The manufacturing supplier list is dosage-form-specific and can be read from:

  • FDA facility listings tied to the NDA/ANDA
  • Labeler and manufacturing descriptions on the FDA NDC Directory

“FENTANYL-100” alone does not indicate which manufacturing class applies.

How to build an actionable supplier roster for FENTANYL-100 procurement

A defensible supplier roster is built on three identifiers:

  1. Active ingredient and salt (fentanyl citrate or base)
  2. Dosage form and strength (what “100” denotes)
  3. FDA product identity (NDC and labeler/manufacturer)

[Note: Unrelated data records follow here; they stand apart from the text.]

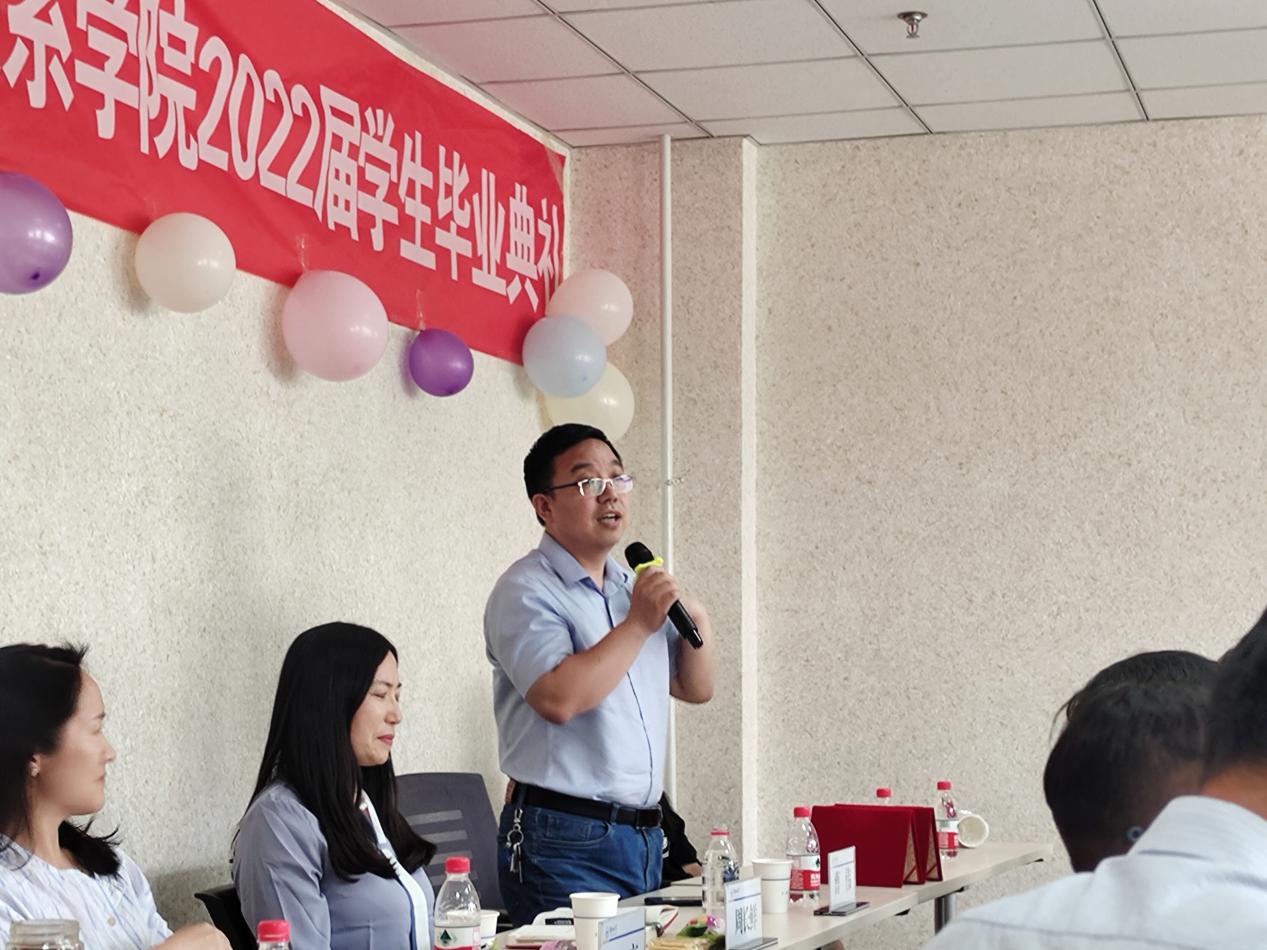 学院副院长陈小鼎随后为毕业生们寄以毕业心语。陈院长讲到,看到我们现在齐聚一堂,共襄盛举,与你们在学院生活的点点滴滴浮上心头,都给我种下了深刻的回忆。你们本科毕业生是我们学院独立建院以来的第一批毕业生,如今能够顺利毕业,足以证明我们学院人才培育工作的成功。最后,陈副院长希望毕业生们积极有为,志存高远,会当凌绝顶,一览众山小,千帆终入海,盼归来,仍是少年!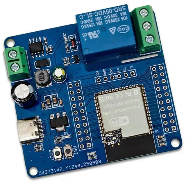 • ESP32-S3 Bluetooth Development Board Module Single-Channel Relay Module DC 5-60V Powered Type C Interface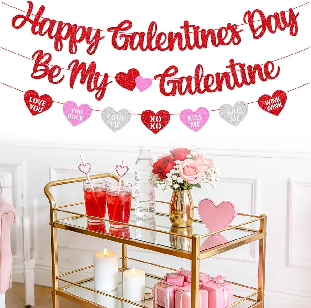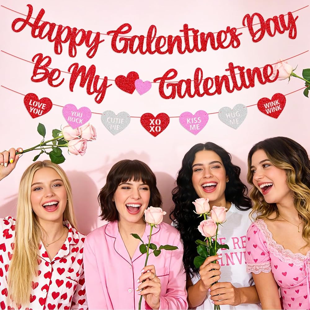 Make your Galentine's Day sparkle with our Happy Galentine's Day Be My Galentine glitter banner set. Designed for friendship, fun, and photo-worthy moments, this three-piece set includes: "Happy Galentine's Day" Banner - Celebrate the holiday dedicated to your best girlfriends. "Be My Galentine" Banner – Invite your friends with playful, feminine script lettering. Conversation Hearts Banner – Seven colorful heart shapes with cutout messages like "LOVE YOU" and "YOU ROCK" for extra charm. Crafted from premium, no-shed glitter cardstock in red, pink, and silver, every piece comes pre-strung with red string, ready to hang immediately. Each banner is approx. 49 inches long with adjustable spacing for a perfect fit anywhere. Ideal for brunches, gift tables, office parties, or virtual celebrations, this glitter banner adds sparkle, joy, and a memorable backdrop for your Galentine's Day photos. Celebrate friendship in style and make your girls' night unforgettable!

From there, the supplier roster should be generated from:

  • FDA NDC Directory: labeler(s), packaging, and product identifiers
  • Orange Book: reference listed drug match, patent status, and exclusivity
  • FDA inspections/facility information: manufacturing site-level supply reliability

No valid roster can be produced from “FENTANYL-100” without those anchors.

Key Takeaways

  • “FENTANYL-100” is not a unique, FDA-anchored identifier for compiling a correct supplier list.
  • Fentanyl supplier landscapes are dosage-form and strength-specific and require FDA product identity (NDC) to map labelers and manufacturing sites.
  • Orange Book and patent-driven generic entry only apply once the exact reference product is identified.

FAQs

  1. What is the fastest way to identify legitimate suppliers for fentanyl in US distribution?
  2. How do dosage form and strength change the fentanyl supplier base?
  3. Does Orange Book status materially affect fentanyl supplier availability?
  4. How do DEA controlled substance distribution requirements impact supplier onboarding?
  5. What manufacturing risks most affect fentanyl supply continuity (sterile vs patch)?

References

  1. FDA. Orange Book: Approved Drug Products with Therapeutic Equivalence Evaluations. U.S. Food and Drug Administration.
  2. FDA. National Drug Code Directory. U.S. Food and Drug Administration.